Fuel prices are also lower after hefty gains yesterday. Diesel prices gained 7 cents yesterday, while gasoline picked up 8 cents. This morning, diesel prices are trading at $1.7106, down 2.3 cents from yesterday’s close. Gasoline prices are $1.3230, a lighter loss of 0.7 cents.
Yesterday’s rally was in part a sympathetic reaction to the massive stock market gains – the Dow picked up over 1,000 points yesterday as traders temporarily forgot the US-China trade war and Fed rate hikes and instead looked around at the outstanding retail sales this holiday season and other strong economic indicators. It’s too early to call a bottom to the recent bear market, but yesterday’s rally proved that the bulls are still lurking in the market and can react quickly to send prices higher.

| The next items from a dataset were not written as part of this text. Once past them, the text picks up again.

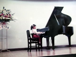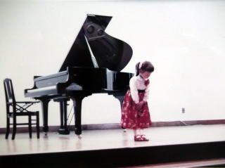 ←初めての発表会で、満5歳1ヶ月の私。ベートーヴェンの「トルコ行進曲」(小川一朗編)を演奏。今の子達と違い、補助ペダルも何もなく、足は、宙ぶらりん。
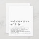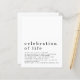 Um valor para o alternativo do ORÇAMENTO em tamanho menor de 4,5 x 5,6" de semirbrilho de 110 lbs, que é de espessura semelhante a um cartão postal (no entanto, não é adequado para uso como cartão postal). POR FAVOR, OBSERVE QUE HÁ UM convite por folha. Celebração do Orçamento do Convite para o Luncheon da Vida. Um simples design com muito espaço em branco para um toque moderno contemporâneo. O cabeçalho é grande em na moda lowercase com os detalhes abaixo. Personalize facilmente o texto para você. Você também pode alterar as cores do texto e do plano de fundo se desejar, por meio da opção personalizar mais nesta design totalmente personalizável.
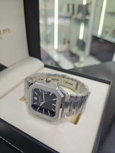 Patek Philippe kişi qol saatı – paslanmayan poladdan korpus və brelok, səkkizguşəli (yastı) bezel dizaynı. Qara rəngli, üfüqi naxışlı siferblat; ağ indekslər və oxvari əllər, saniyə əli mərkəzdə. Saat 3 mövqeyində tarix pəncərəsi. Mineral/Safir tipli ön şüşə görünüşlü, arxa qapaq isə şəffaf mexanizmi nümayiş etdirən vintli örtükdür.

Adding to the bullishness was concerns over Venezuelan production. Venezuela’s production has been steadily declining all year, with further losses expected in the future. The military has taken over PDVSA, Venezuela’s state-owned energy company, and military leaders lack the industry acumen needed to turn around flagging production. Struggling with 1,000,000% inflation, PDVSA has reportedly lost nearly a quarter of its work force compared to 2016, and the company struggles to meet its supply commitments. While declining Venezuelan production is already baked into global supply forecasts, an acceleration in losses could tighten the market somewhat.